* Task: When a line in the data below includes "year", pick it out and copy it.

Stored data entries
* * * * * * * * *

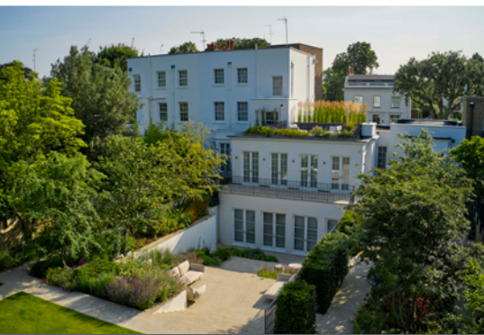
Gold Award McWilliam Studio West London Garden Residential Design
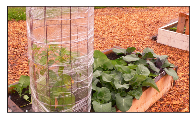
Yummy vegetables... Tomatoes don't like to be outside in Alaska, so we make personal greenhouses for them. Growing food in Alaska is a learning process!
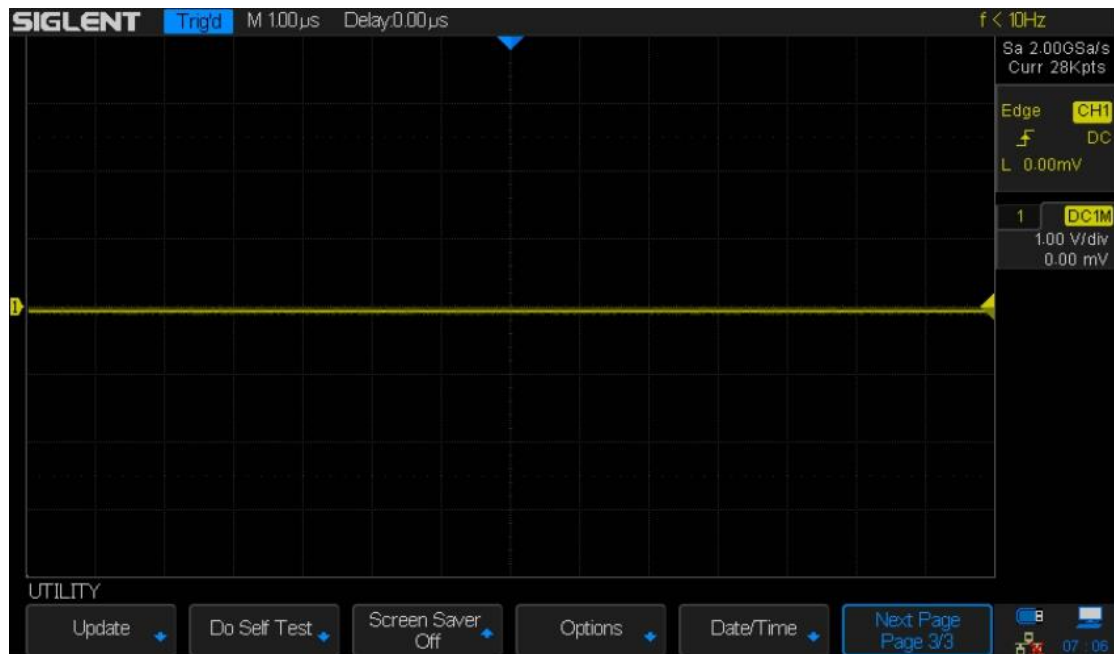
Figure 1 UTILITY function menu
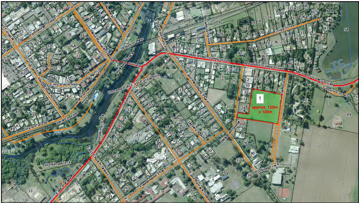
Map 1: Location 1 – Alveston Drive, Deloraine (part of Deloraine Community Complex site) - fenced. Also accessed from Rickman Street, Deloraine.
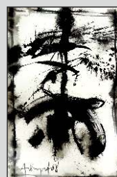
20" X 30"

Medium - Ink, Acrylic, Oil, Pastel, Pencil (Mix Media)
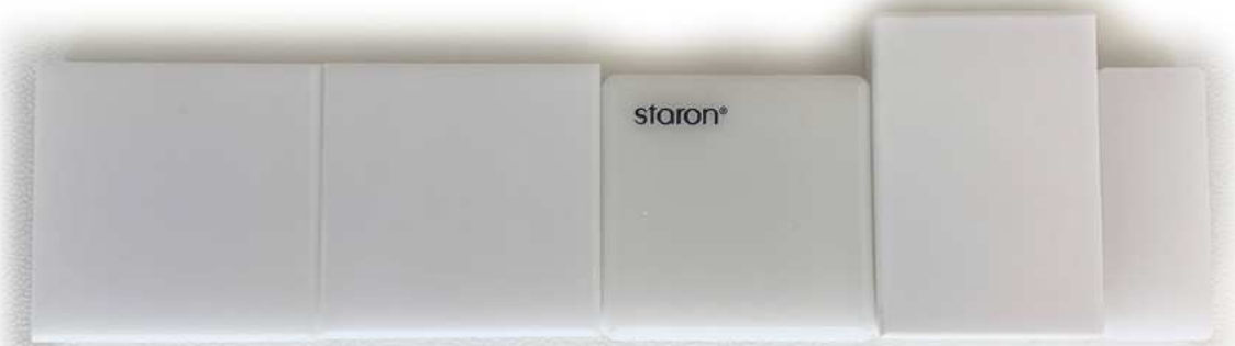
PLUTON S-001 R-White
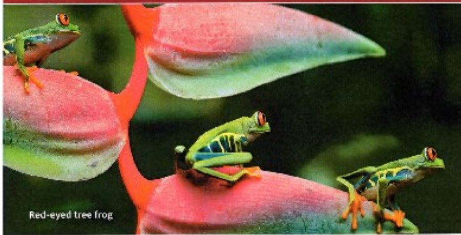
Red-eyed tree frog
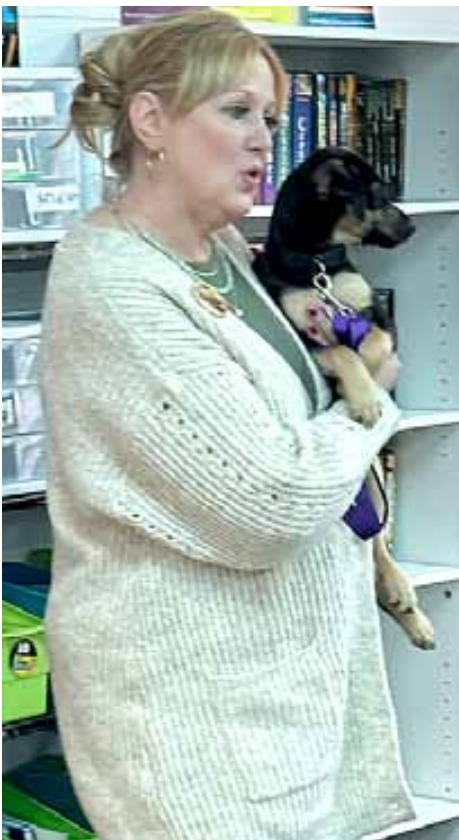
Students learned about the King's Harvest no-kill pet shelter.
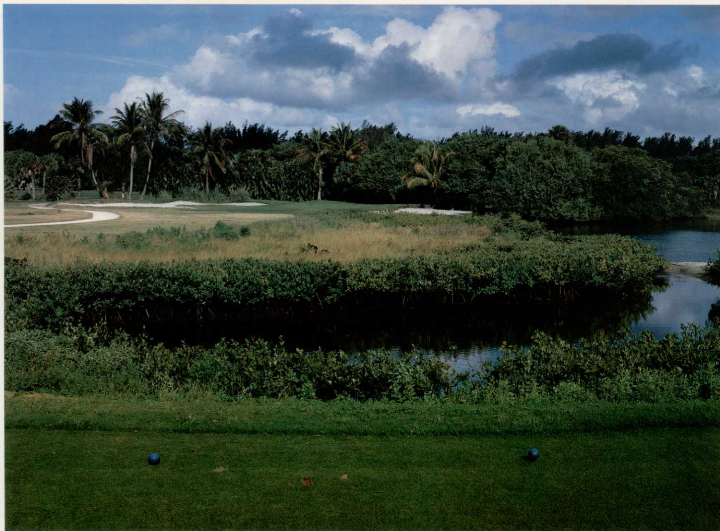
Beauty of Par 3, 12th hole, shows environment of golf course.
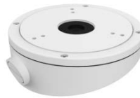
1281ZJ-M Inclined Ceiling Mount
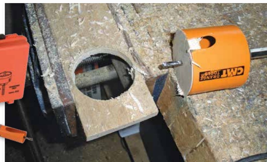
TCT tips made hole boring very easy

James Gillies: I found the instructions were not really required as the tools were simple to operate straight from the box. At present I use unbranded hole saws at an amateur hobbyist/cottage industry on a minor scale. Without a doubt, the CMT orange
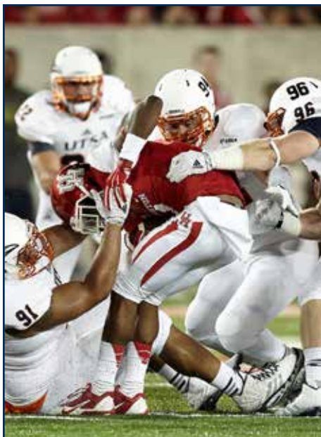
The Roadrunners defense held Houston to minus-26 rushing yards, the fewest allowed by UTSA in a game, in a 27-7 road victory in the 2014 season opener.
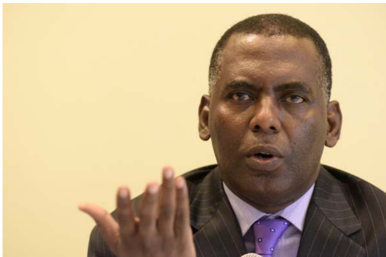
Mauritanian politician and advocate for the abolition of slavery Biram Dah Abeid gestures during a press conference in Dakar on September 29, 2016

Decision adopted by the Committee on the Human Rights of Parliamentarians at its 158 th session (Geneva, 8 February 2019)
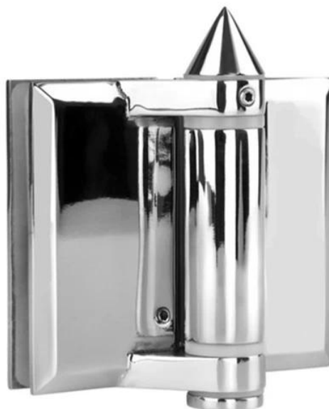
2. Glass to wall/square post hinge
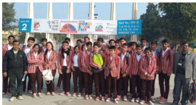
For the love of books
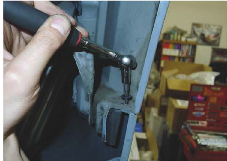
34. Tighten the T25 screw
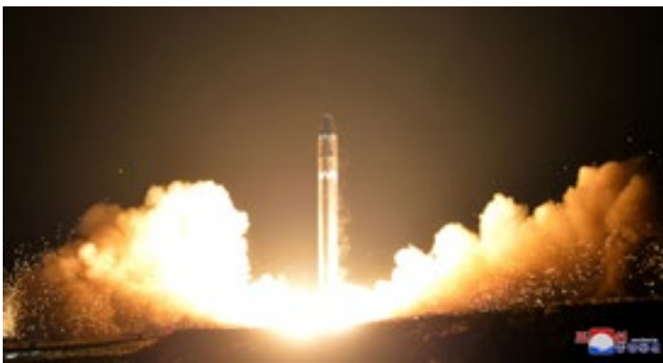
From top: U.S. armed forces test a Minuteman III intercontinental ballistic missile on May 3, 2017, at Vandenberg Air Force Base, California. Credit: U.S. Air Force photo/2nd Lt. William Collette; North Korean armed forces test a Hwasong-14 intercontinental ballistic missile on July 20, 2017 in Chagang province, North Korea. Credit: KCNA

in the argument that the United States was a UN agent rather than a belligerent is that the UN had, in practice, no control over the UNC or its affiliated troops. The United States made all combat decisions and reported them to the UN only after the fact. 83 The UNC went beyond the Security Council mandate of repelling the North Korean attack of June 1950 by crossing the border northward in the name of restoring peace and security, invading the North, and triggering a Chinese counter-intervention. Adding in the devastating human impact, it is clear that under any definition, the Korean War was a war.
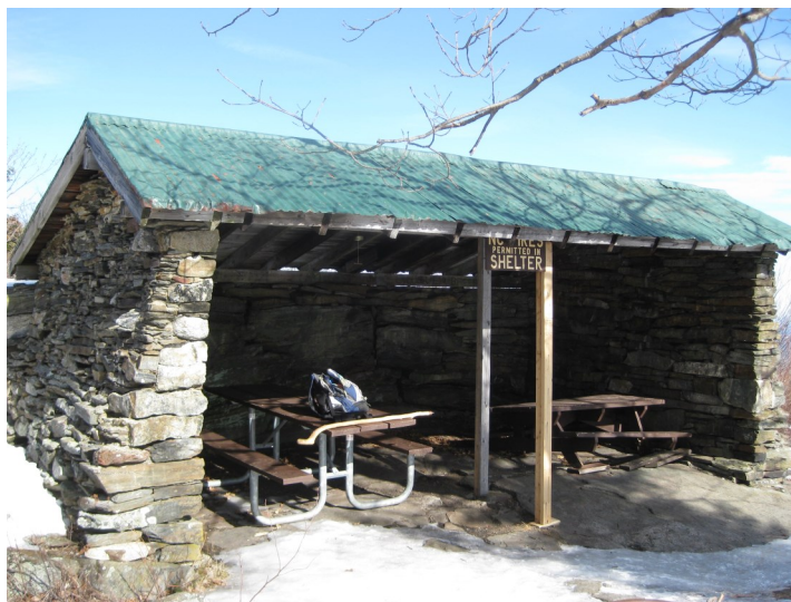
The CCC Shelter at the summit of Pack Monadnock / Miller State Park. The Friends will be restoring the shelter this year.
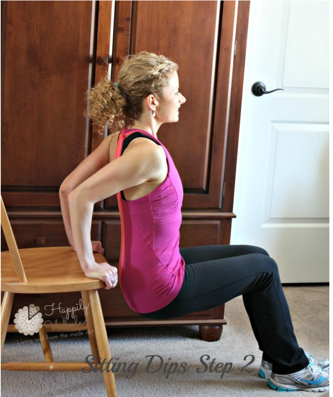
Sitting Dips Step 2
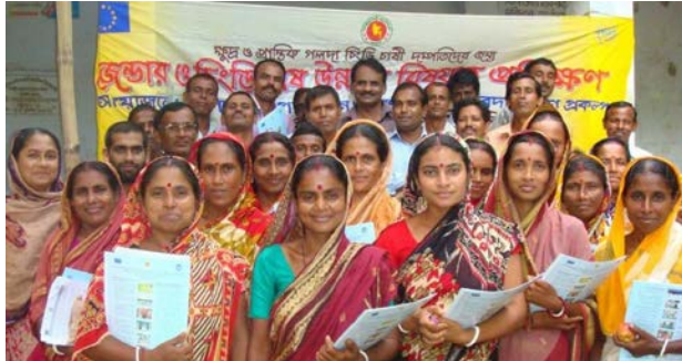
Graduating couples, Kulna, Bangladesh.

The global supply chain for farmed giant tiger prawn, Penaeus monodon , is one of Asia's most important and it has been subjected to repeated trade upsets over product quality and production methods. In
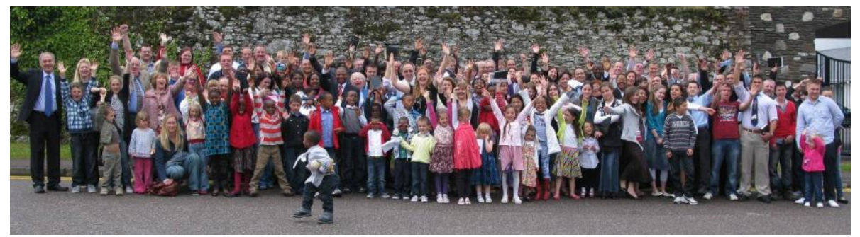
For more information about our church see www.biblebc.com

Below is a group shot of our people in Bible Baptist Church, Ballincollig
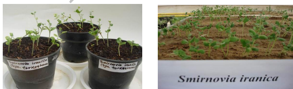
Fig. 2. Smirnovia iranica seeds germinated and developed to seedlings into pots (left) and glass box (right) under greenhouse conditions

sown in 4 different dates from 2007 to 2009 (see Materials and Methods), only the seeds sown on 7 th December 2009 were germinated and continued to grow. The germinated seeds were developed to normal seedlings in spring 2010 (Fig. 3, Middle). In early spring, the seedlings were thinned to 1 plant per pit (Fig. 3, Bottom left). Only a few seedlings were grown into young normal plants (Fig. 3, Bottom right). Although the number of the established plants was low (approx. 5%), the results looked promising.
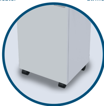
Rugged All-Metal Cabinet Includes casters for mobility
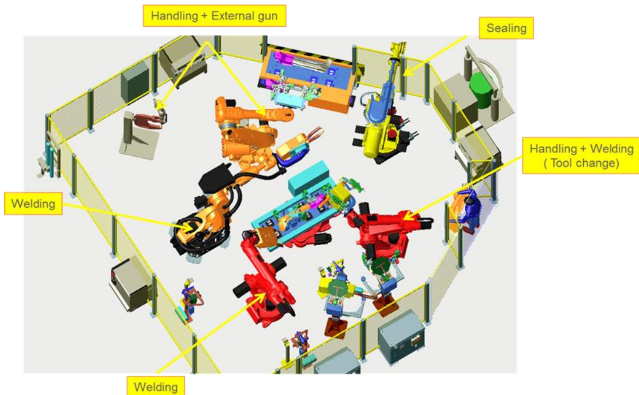
Figure 4: COMAU Innovation Centre - Showroom
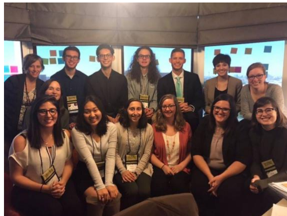
2018 Student Affairs Advisory Board

Have a great start to the new year and new semester!
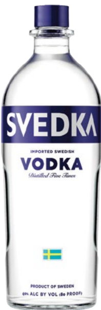
Svedka Vodka 1.75L 14.99
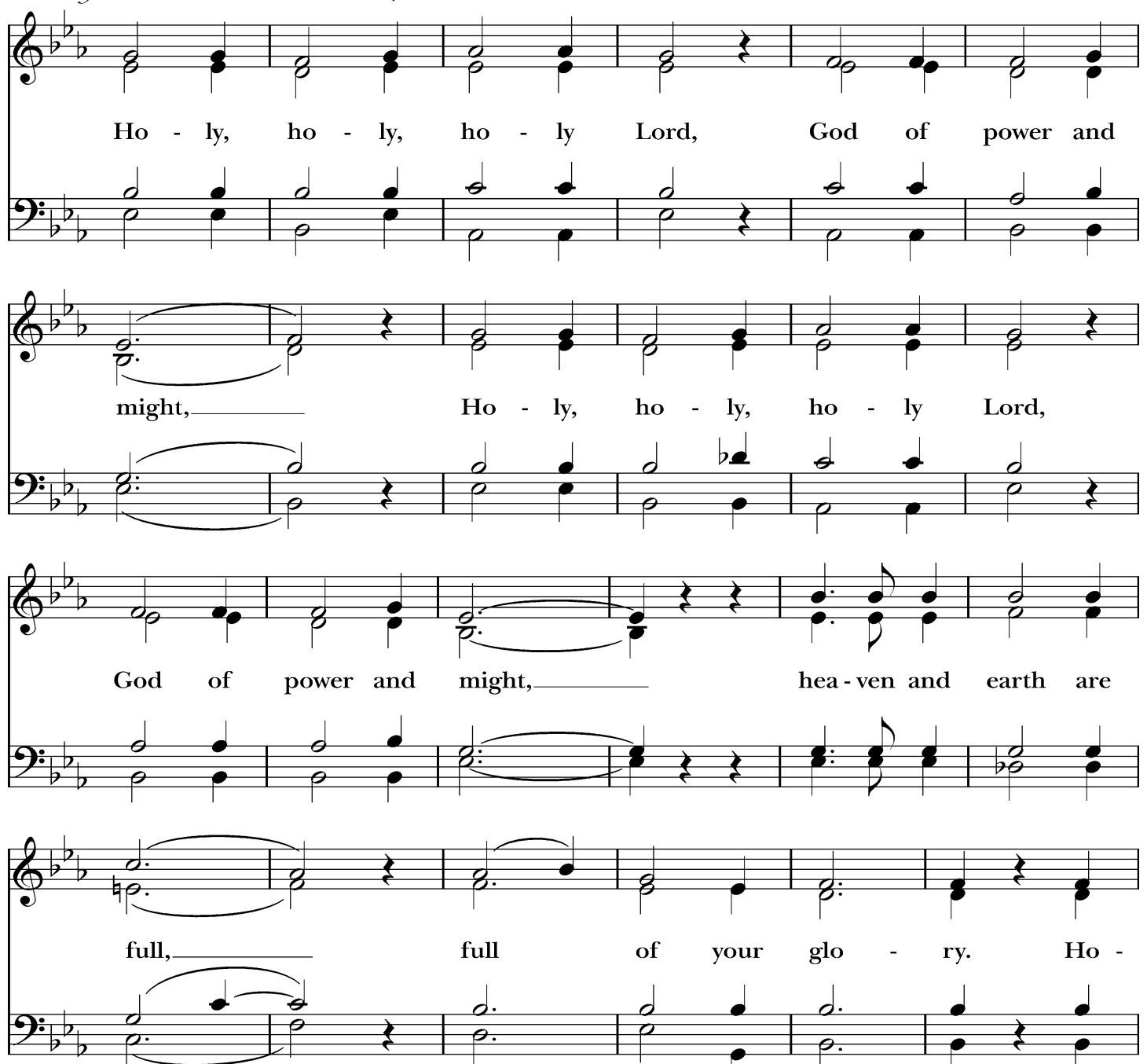
The Hymnal 1982, Service Music, #130

Therefore, we praise you, joining our voices with Angels and Archangels and with all the company of heaven, who for ever sing this hymn to proclaim the glory of your Name:
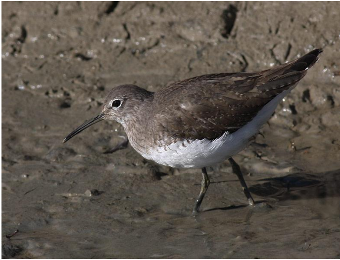
Green Sandpiper at Botolph's Bridge
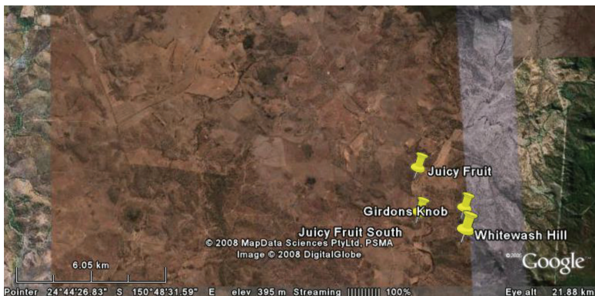
Figure 1. Map showing locations of satellite prospects in relation to Whitewash

A location map showing the positions of the closest satellite prospects to Whitewash is shown in Figure 1, and the drill hole collar locations are shown in Figure 2.
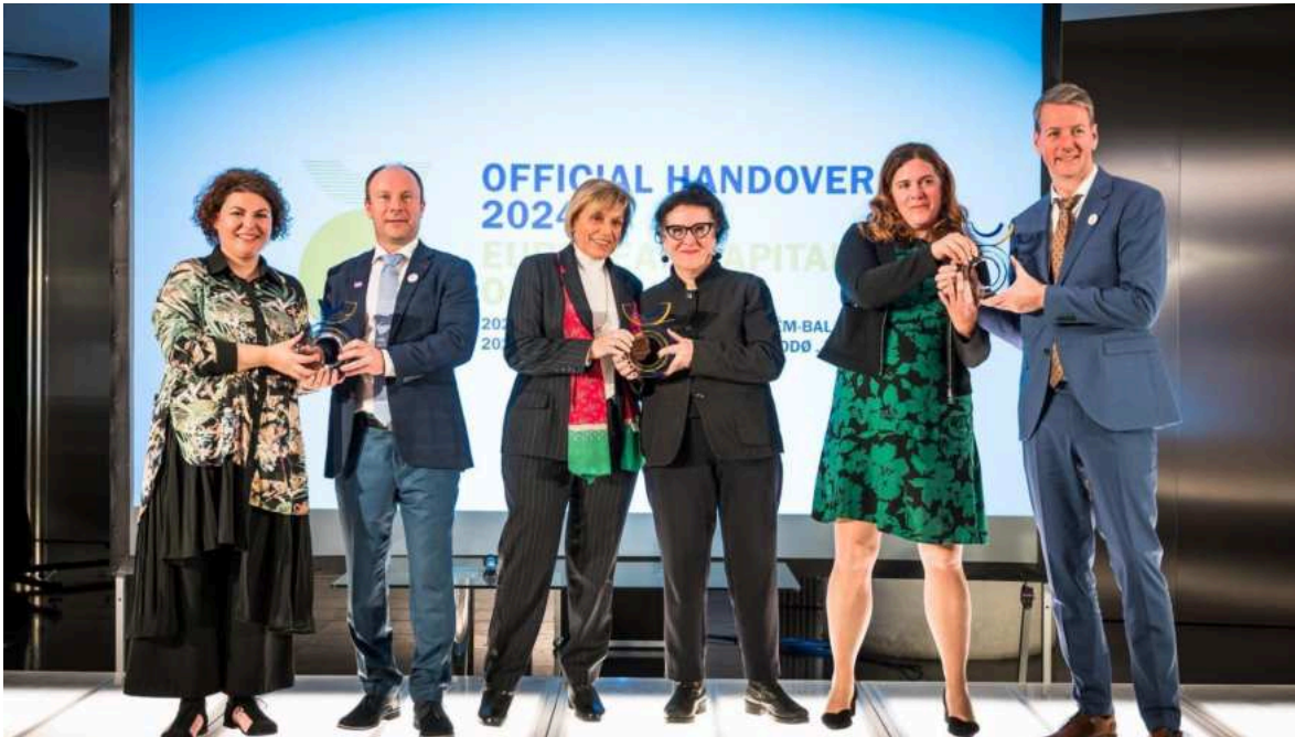
The handover ceremony of the European Capital of Culture (ECoC) title to the three cities holding the title in 2024 (Athens, 11 January 2024), Photo: John Kouskoutis
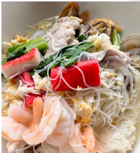
White Bee Hoon with Seafood & Clams
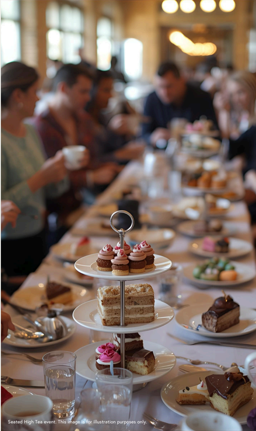
Seated High Tea event. This image is for illustration purposes only.

*All packages and guest numbers can be tailored to suit your event needs. All prices are ex GST.
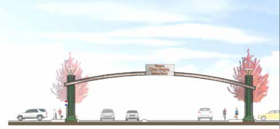
Auburn Gateway Option-2.

* * * * * * * * *

* Solution for this task:
The CCC Shelter at the summit of Pack Monadnock / Miller State Park. The Friends will be restoring the shelter this year.
Have a great start to the new year and new semester!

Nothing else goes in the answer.